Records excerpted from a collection
BEGIN

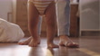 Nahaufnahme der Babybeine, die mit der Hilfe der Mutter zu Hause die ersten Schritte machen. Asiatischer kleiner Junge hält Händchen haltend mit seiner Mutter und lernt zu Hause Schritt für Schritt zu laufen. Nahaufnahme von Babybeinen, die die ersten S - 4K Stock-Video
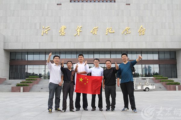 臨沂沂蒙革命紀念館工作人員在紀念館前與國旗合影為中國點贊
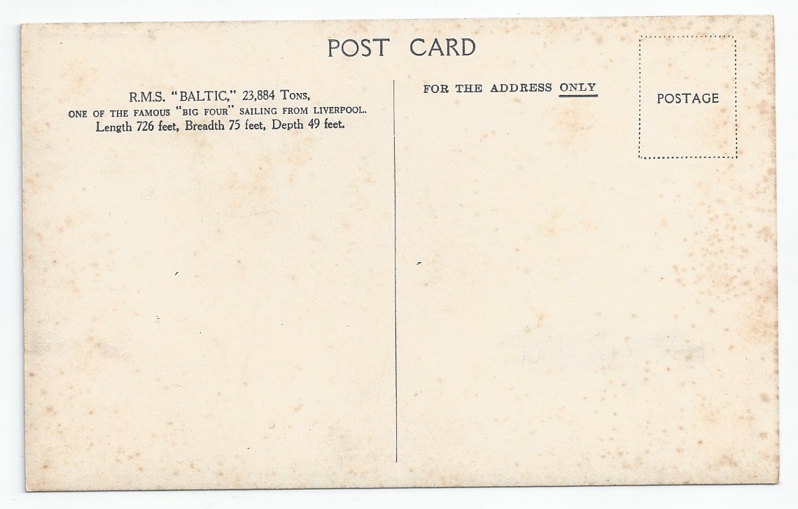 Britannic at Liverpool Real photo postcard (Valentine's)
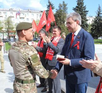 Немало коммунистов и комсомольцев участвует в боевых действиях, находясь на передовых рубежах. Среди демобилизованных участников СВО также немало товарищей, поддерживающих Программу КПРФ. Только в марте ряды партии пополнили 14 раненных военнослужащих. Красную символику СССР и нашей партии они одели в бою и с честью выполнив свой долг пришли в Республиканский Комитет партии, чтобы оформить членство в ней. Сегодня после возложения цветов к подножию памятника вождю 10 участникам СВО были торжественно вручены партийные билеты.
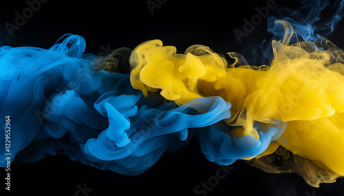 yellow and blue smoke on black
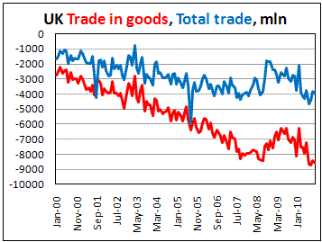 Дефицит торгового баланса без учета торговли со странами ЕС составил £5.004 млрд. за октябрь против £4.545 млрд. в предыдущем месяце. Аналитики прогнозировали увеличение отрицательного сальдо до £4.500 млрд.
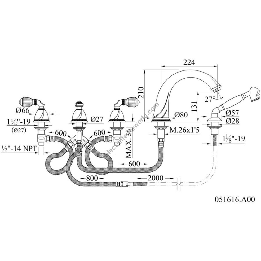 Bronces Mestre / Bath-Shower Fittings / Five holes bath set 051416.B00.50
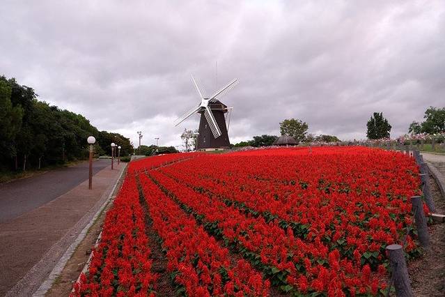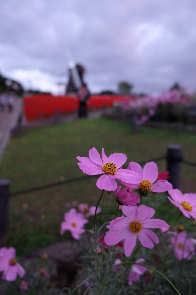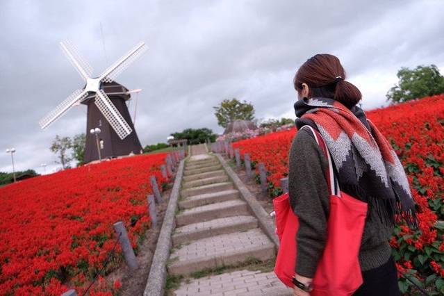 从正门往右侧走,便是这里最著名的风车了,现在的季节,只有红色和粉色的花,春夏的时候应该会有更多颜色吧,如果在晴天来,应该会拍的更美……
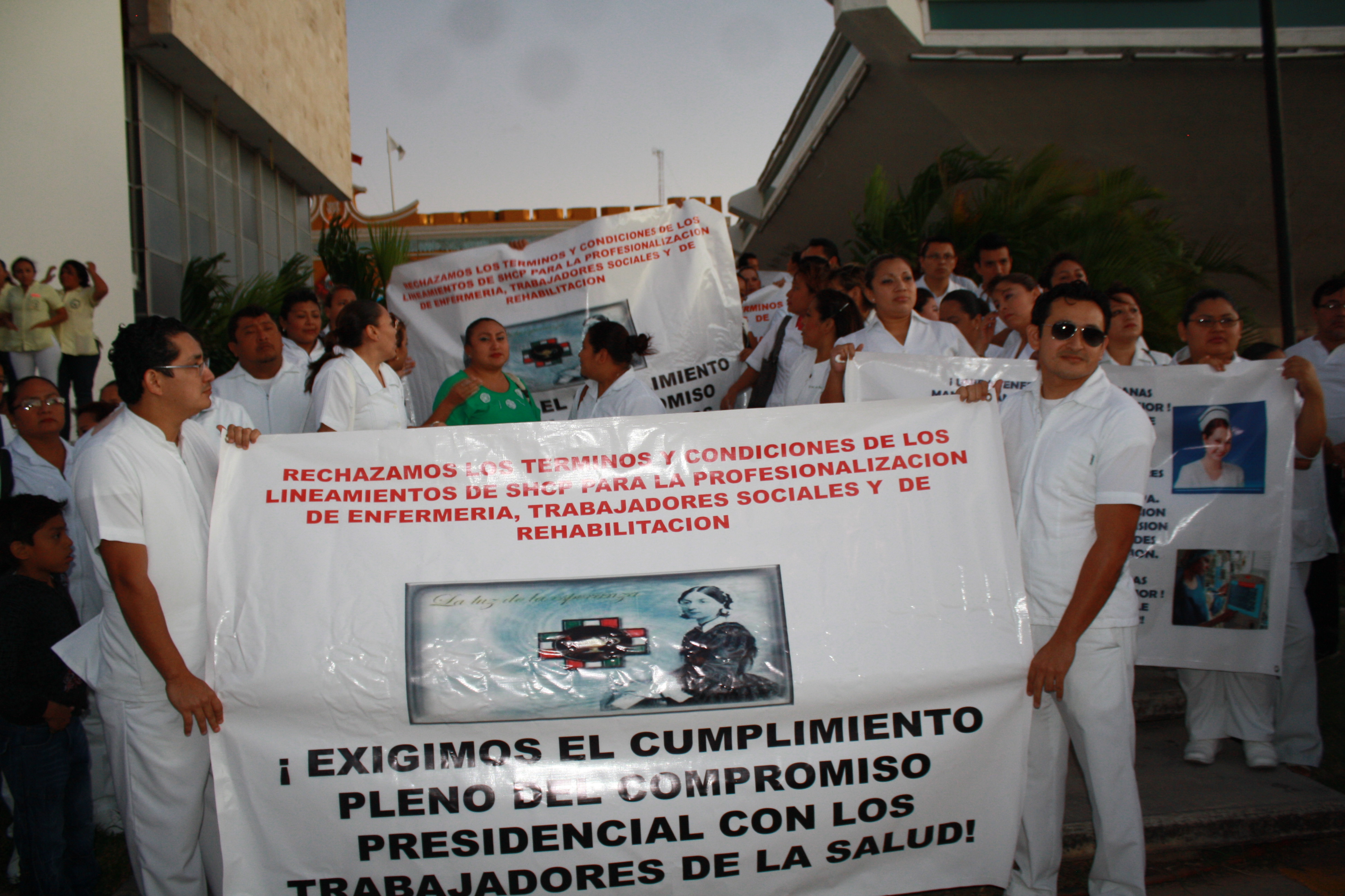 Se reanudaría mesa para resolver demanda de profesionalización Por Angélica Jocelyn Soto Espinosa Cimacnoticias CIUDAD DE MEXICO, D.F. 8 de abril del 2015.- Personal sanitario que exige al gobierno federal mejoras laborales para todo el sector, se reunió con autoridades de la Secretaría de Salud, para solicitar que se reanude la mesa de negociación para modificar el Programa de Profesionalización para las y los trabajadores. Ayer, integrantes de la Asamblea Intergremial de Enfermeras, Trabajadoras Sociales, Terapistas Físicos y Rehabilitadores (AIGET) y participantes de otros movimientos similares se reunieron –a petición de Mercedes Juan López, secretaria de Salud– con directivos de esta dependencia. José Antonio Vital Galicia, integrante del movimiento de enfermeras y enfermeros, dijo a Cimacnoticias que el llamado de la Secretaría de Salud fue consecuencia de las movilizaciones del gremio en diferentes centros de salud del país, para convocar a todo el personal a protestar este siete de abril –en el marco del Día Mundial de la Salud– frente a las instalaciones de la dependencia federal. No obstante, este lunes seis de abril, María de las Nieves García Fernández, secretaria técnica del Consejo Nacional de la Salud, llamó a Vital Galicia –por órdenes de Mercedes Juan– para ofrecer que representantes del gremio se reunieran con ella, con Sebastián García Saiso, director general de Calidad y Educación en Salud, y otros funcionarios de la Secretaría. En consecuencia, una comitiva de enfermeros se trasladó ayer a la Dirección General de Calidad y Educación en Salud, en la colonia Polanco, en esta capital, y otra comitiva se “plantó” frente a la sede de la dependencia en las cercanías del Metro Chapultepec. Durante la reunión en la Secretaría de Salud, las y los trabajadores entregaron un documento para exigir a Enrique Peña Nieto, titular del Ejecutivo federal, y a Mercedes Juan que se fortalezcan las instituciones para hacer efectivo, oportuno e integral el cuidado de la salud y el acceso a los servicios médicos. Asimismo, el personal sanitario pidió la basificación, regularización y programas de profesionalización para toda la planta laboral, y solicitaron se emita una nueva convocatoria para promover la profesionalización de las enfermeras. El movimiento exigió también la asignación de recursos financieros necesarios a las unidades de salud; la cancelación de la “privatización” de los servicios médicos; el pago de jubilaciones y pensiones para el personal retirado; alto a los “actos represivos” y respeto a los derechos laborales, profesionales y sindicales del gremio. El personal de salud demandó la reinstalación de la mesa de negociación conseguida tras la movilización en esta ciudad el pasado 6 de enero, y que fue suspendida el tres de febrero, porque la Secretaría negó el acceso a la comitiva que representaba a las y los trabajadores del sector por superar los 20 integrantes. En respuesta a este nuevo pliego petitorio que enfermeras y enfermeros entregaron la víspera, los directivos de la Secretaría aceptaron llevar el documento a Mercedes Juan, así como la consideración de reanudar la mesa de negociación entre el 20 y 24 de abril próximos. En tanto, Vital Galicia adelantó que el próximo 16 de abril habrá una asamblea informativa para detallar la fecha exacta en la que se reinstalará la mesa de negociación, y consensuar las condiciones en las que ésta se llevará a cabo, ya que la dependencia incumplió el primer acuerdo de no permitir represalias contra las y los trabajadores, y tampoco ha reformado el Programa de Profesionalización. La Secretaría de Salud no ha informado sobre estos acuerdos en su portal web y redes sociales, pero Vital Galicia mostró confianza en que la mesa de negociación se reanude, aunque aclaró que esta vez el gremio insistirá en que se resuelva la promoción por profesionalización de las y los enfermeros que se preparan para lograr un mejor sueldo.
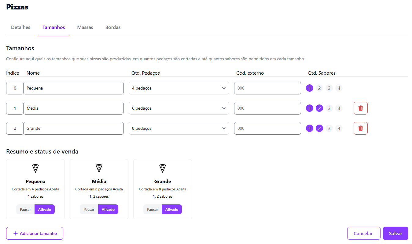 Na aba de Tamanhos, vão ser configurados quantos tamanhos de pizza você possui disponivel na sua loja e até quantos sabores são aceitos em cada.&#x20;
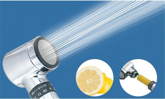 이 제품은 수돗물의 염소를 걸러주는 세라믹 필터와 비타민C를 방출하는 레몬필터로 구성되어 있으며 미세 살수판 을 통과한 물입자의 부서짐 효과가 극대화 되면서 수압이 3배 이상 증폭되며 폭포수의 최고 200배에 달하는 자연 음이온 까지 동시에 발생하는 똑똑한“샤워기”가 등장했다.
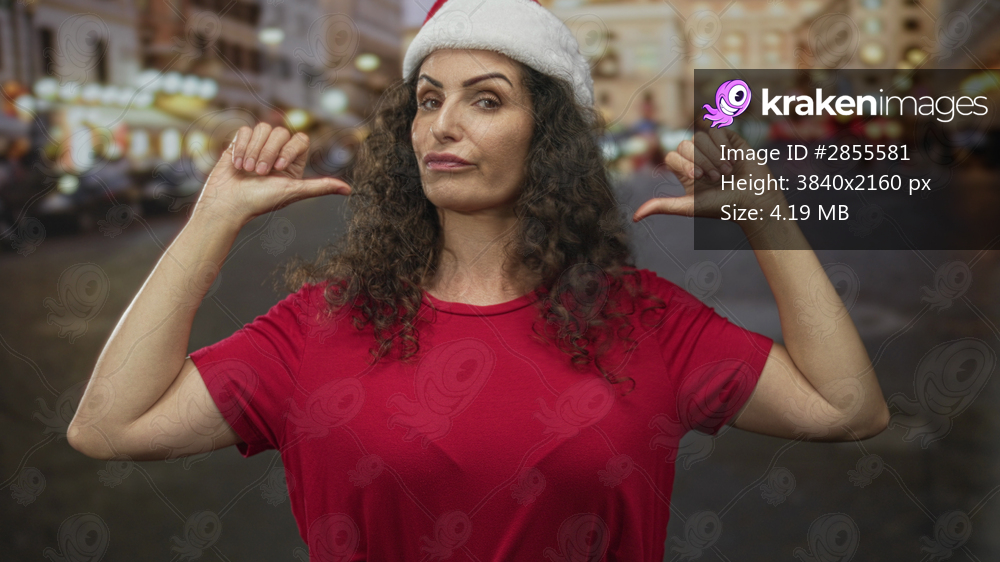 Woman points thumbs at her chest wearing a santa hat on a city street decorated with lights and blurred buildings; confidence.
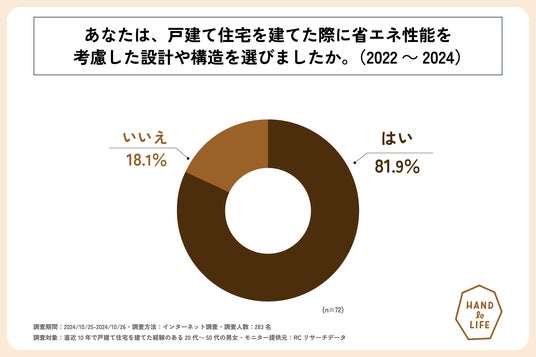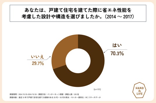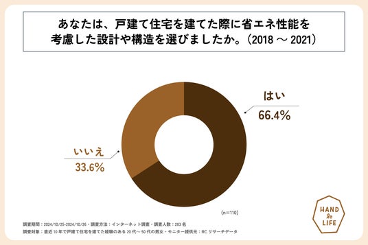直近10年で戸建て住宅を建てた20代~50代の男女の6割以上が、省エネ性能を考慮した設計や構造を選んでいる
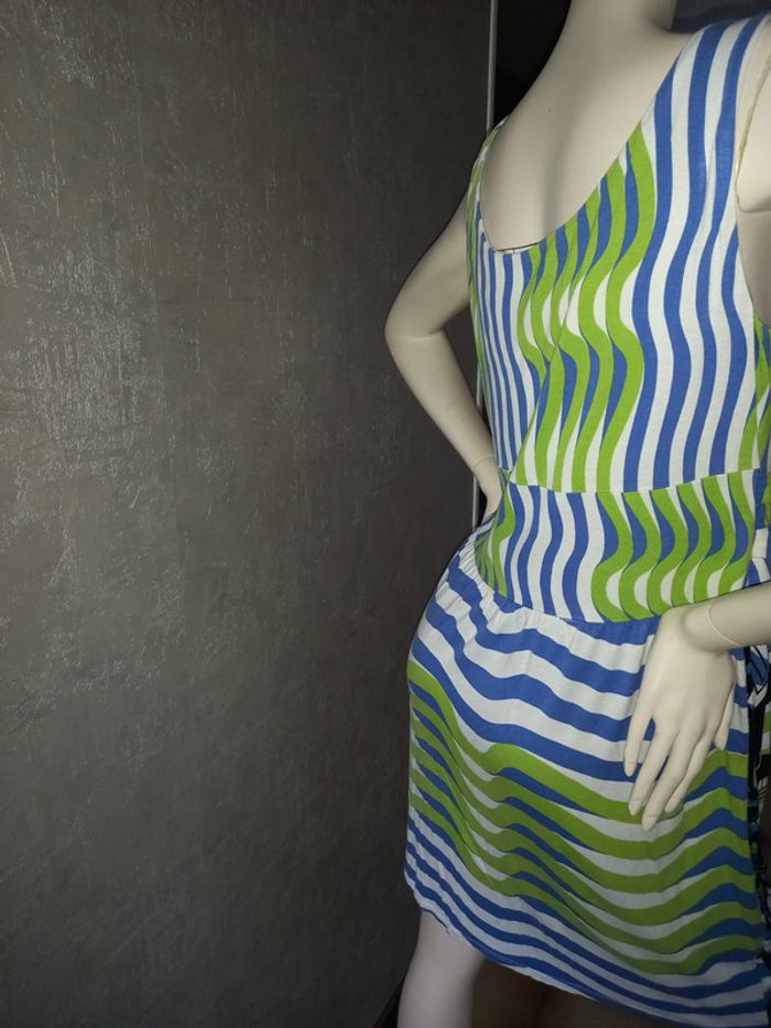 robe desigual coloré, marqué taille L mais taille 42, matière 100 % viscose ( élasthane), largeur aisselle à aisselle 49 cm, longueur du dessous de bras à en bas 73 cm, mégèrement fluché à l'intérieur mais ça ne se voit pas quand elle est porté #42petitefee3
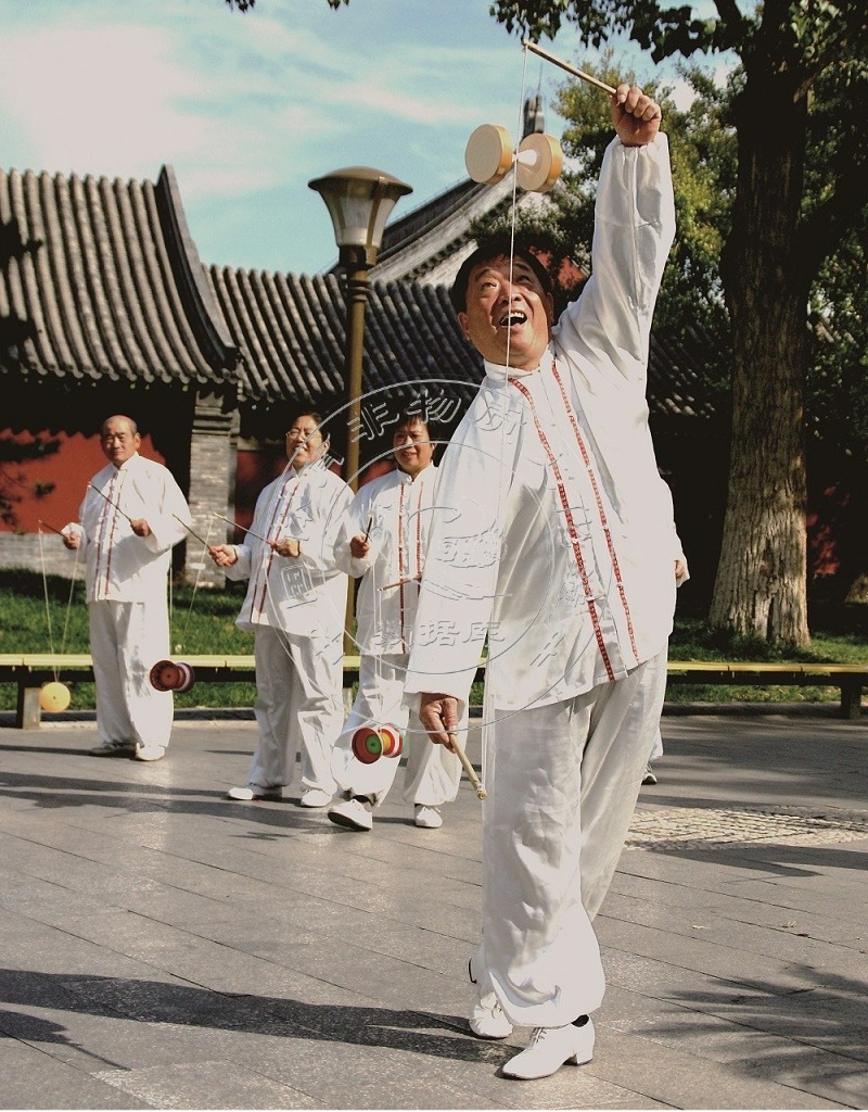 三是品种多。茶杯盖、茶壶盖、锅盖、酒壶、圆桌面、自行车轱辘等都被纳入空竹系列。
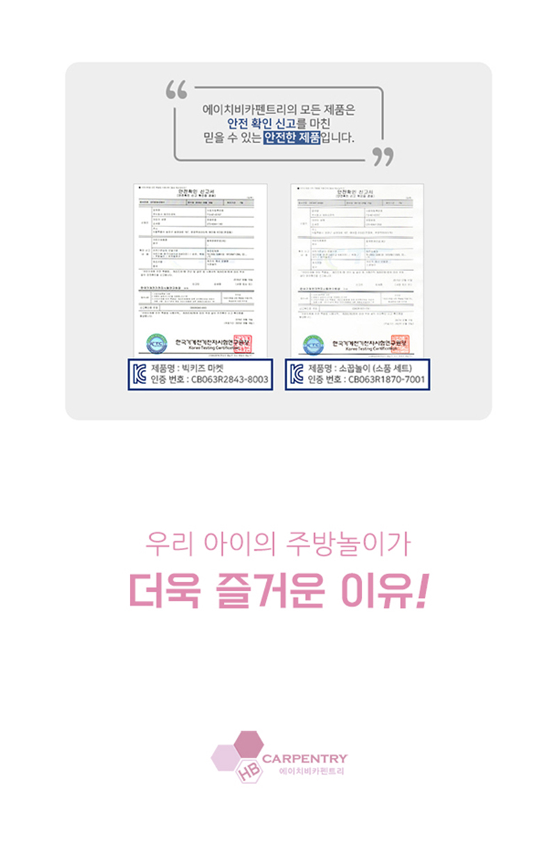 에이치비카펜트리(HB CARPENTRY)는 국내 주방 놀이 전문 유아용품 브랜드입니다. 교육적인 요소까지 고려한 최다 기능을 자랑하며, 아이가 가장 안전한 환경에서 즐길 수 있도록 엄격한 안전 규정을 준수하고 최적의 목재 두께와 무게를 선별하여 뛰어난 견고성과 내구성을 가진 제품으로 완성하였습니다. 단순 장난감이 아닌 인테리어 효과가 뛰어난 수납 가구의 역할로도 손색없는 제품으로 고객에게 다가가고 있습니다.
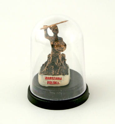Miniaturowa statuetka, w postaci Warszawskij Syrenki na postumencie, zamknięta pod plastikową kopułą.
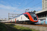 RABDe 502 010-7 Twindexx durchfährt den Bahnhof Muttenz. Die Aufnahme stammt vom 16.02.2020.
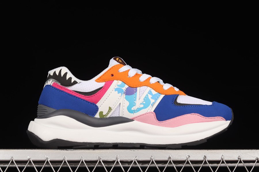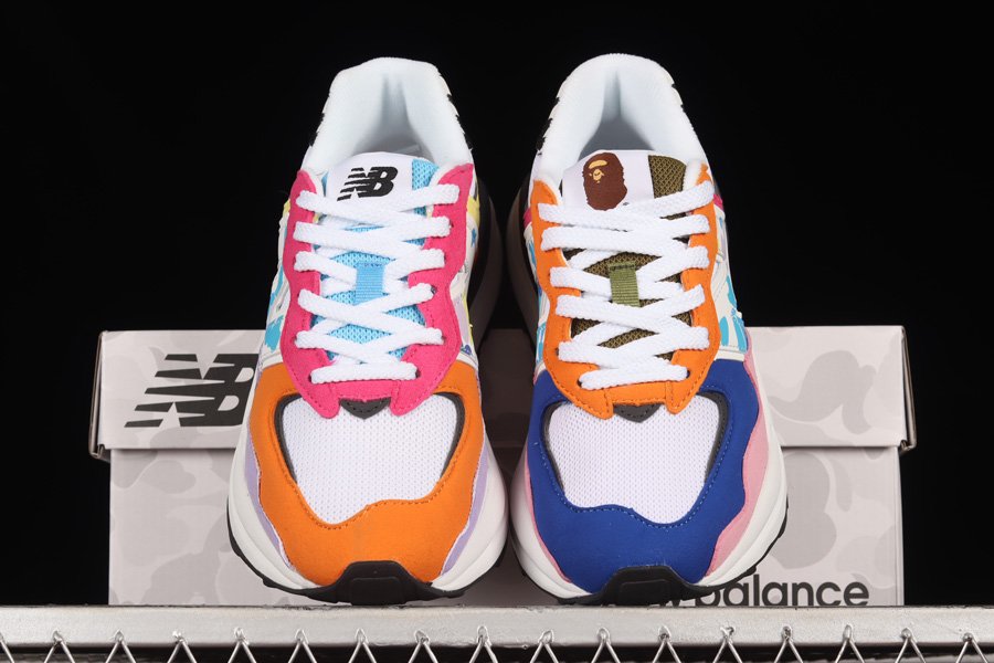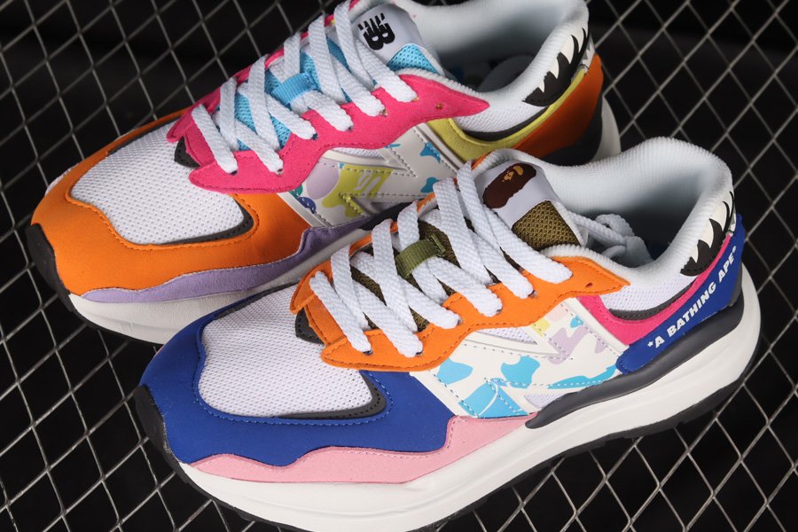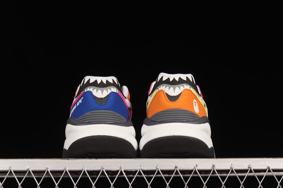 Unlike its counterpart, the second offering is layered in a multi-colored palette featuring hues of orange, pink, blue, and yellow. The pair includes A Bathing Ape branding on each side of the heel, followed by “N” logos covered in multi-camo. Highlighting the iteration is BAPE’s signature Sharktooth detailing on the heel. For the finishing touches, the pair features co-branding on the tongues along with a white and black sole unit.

END

◆ WHAT IS REQUIRED ◆
Output the lines, exactly: the first line of the entries above, every line after it, and the line with "从正门往右侧走,便是这里最著" as the last. No pictures.

◆ EXPECTED ANSWER ◆
 Nahaufnahme der Babybeine, die mit der Hilfe der Mutter zu Hause die ersten Schritte machen. Asiatischer kleiner Junge hält Händchen haltend mit seiner Mutter und lernt zu Hause Schritt für Schritt zu laufen. Nahaufnahme von Babybeinen, die die ersten S - 4K Stock-Video
 臨沂沂蒙革命紀念館工作人員在紀念館前與國旗合影為中國點贊
 Britannic at Liverpool Real photo postcard (Valentine's)
 Немало коммунистов и комсомольцев участвует в боевых действиях, находясь на передовых рубежах. Среди демобилизованных участников СВО также немало товарищей, поддерживающих Программу КПРФ. Только в марте ряды партии пополнили 14 раненных военнослужащих. Красную символику СССР и нашей партии они одели в бою и с честью выполнив свой долг пришли в Республиканский Комитет партии, чтобы оформить членство в ней. Сегодня после возложения цветов к подножию памятника вождю 10 участникам СВО были торжественно вручены партийные билеты.
 yellow and blue smoke on black
 Дефицит торгового баланса без учета торговли со странами ЕС составил £5.004 млрд. за октябрь против £4.545 млрд. в предыдущем месяце. Аналитики прогнозировали увеличение отрицательного сальдо до £4.500 млрд.
 Bronces Mestre / Bath-Shower Fittings / Five holes bath set 051416.B00.50
 从正门往右侧走,便是这里最著名的风车了,现在的季节,只有红色和粉色的花,春夏的时候应该会有更多颜色吧,如果在晴天来,应该会拍的更美……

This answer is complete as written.